AB 692’s prohibition does not apply to the following:

Government Loan Assistance or Repayment Programs: A contract entered into under any loan repayment assistance program or loan forgiveness program provided by a federal, state, or local governmental agency.

Certain Tuition Repayment Contracts for Transferable Credentials: Tuition repayment for a transferable credential if the contract:

  1. Is offered separately from any contract for employment;
  2. Does not require obtaining the transferable credential as a condition of employment;
  3. Specifies the repayment amount before the worker agrees to the contract, and the repayment amount does not exceed the cost to the employer of the transferable credential received by the worker;
  4. Provides for a prorated repayment amount during any required employment period that is proportional to the total repayment amount and the length of the required employment period and does not require an accelerated payment schedule if the worker separates from the employment; and
  5. Does not require repayment to the employer by the worker if the worker is terminated, except if the worker is terminated for misconduct.

A “transferable credential” is defined to mean a degree that is (1) offered by a third-party institution that is accredited and authorized to operate in the state, (2) not required for the worker’s current employment and (3) is transferable and useful for employment beyond the worker’s current employer.
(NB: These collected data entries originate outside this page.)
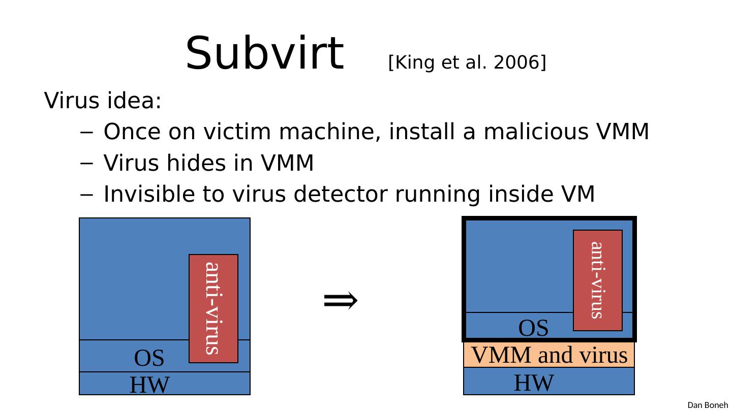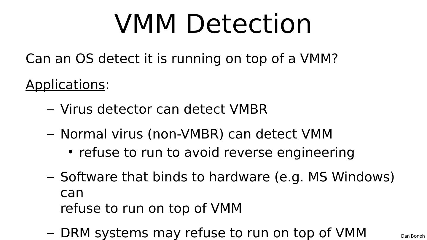 28 .VMM security assumption VMM Security assumption : Malware can infect guest OS and guest apps But malware cannot escape from the infected V M Cannot infect host OS Cannot infect other VMs on the same hardware Requires that VMM protect itself and is not buggy VMM is much simpler than full OS … but device drivers run in Host OS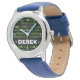 Kinderuhr aus Edelstahl mit blauem Lederarmband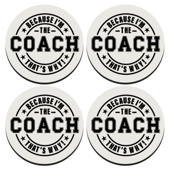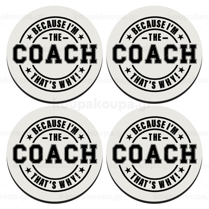 Because i'm the Coach, SET of 4 round wooden coasters (9cm)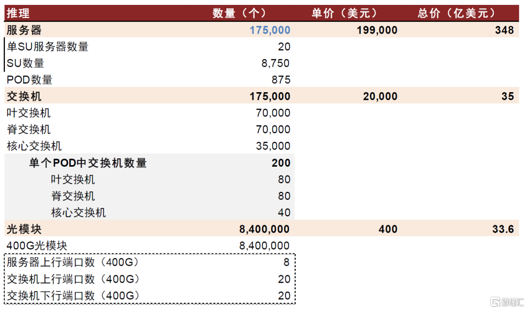 注:1:)表格中服务器台数仅基于英伟达A100等效算力测算,不代表中长期实际出货台数;2)SU(scalable units,可扩展单元):每个SU由20台服务器组成,且都有一个专用机架。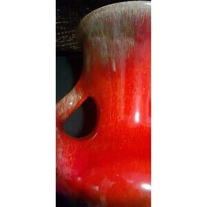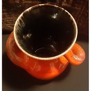 This is an absolutely stunning Mid Century Modern ceramic vase that can light up your room and your conversations. The orange glaze has a tremendous depth that makes it seem to glow, and that gives the impression of glass-like translucence. The lower curve is an iridescent black that blends upward into the orange, giving a lava-like look. The upper rim and handles have an additional smoky yellow-tan speckling that lays smoothly within the orange in a marrow pattern, giving the impression of a rough texture inside of the glassy orange.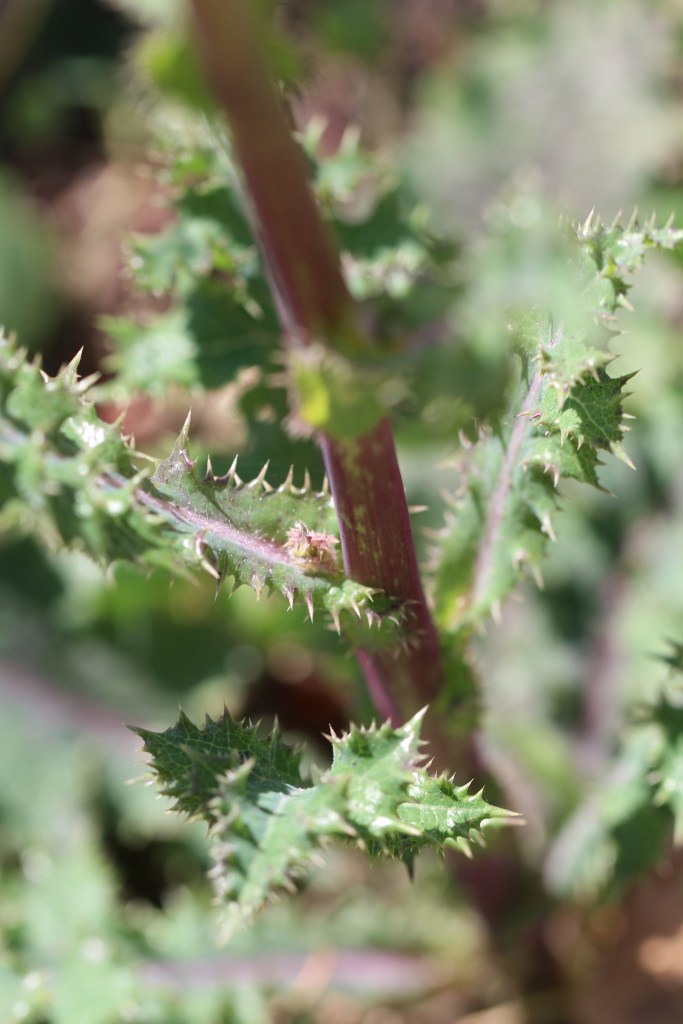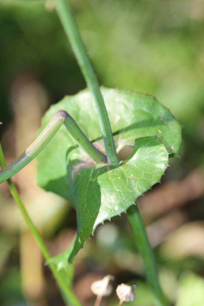Field Identification: the two sow thistle species are distinguished by their achenes (seed). Petioles base pairs on S. asper are more or less rounded, where as those of S. oleraceus are pointed.

Signing or Retention Bonuses: A contract for a discretionary or unearned payment, including a financial bonus, at the beginning of employment that is not tied to the employee’s job performance, provided that:

  1. The repayment terms are included in an agreement separate from the primary employment contract;
  2. The employees are notified that they have the right to consult an attorney regarding the agreement and are given a reasonable time period of at least five business days to do so before executing the agreement;
  3. The repayment obligation for early separation from employment is not subject to interest and is prorated based on the remaining term of the retention period, which cannot exceed two years from the employee’s receipt of the payment;
  4. The employee has an option to defer receipt of the payment to the end of the retention period without any repayment obligation; and
  5. The employee’s separation from employment prior to the retention period was either at the employee’s sole election, or at the employer’s election for employee misconduct.

Penalties and Enforcement

Importantly, AB 692 is not retroactive; so, repayment provisions in existing employment agreements are unaffected and remain enforceable. However, employment agreements entered into after January 1, 2026, that contain prohibited repayment provisions are not only void and unenforceable, they are unlawful. An employer found liable for including a prohibited repayment provision is subject to minimum damages of $5,000 per affected employee, in addition to injunctive relief and attorney’s fees.

Why It Matters

Repayment provisions are common in the healthcare industry. As the new year approaches, providers should review their template employment agreements and update them to comply with AB 692. Providers who want to implement signing or retention bonuses, or to seek employee repayment for tuition costs, should remove those provisions from general employment agreements and place them into separate agreements that meet AB 692’s requirements.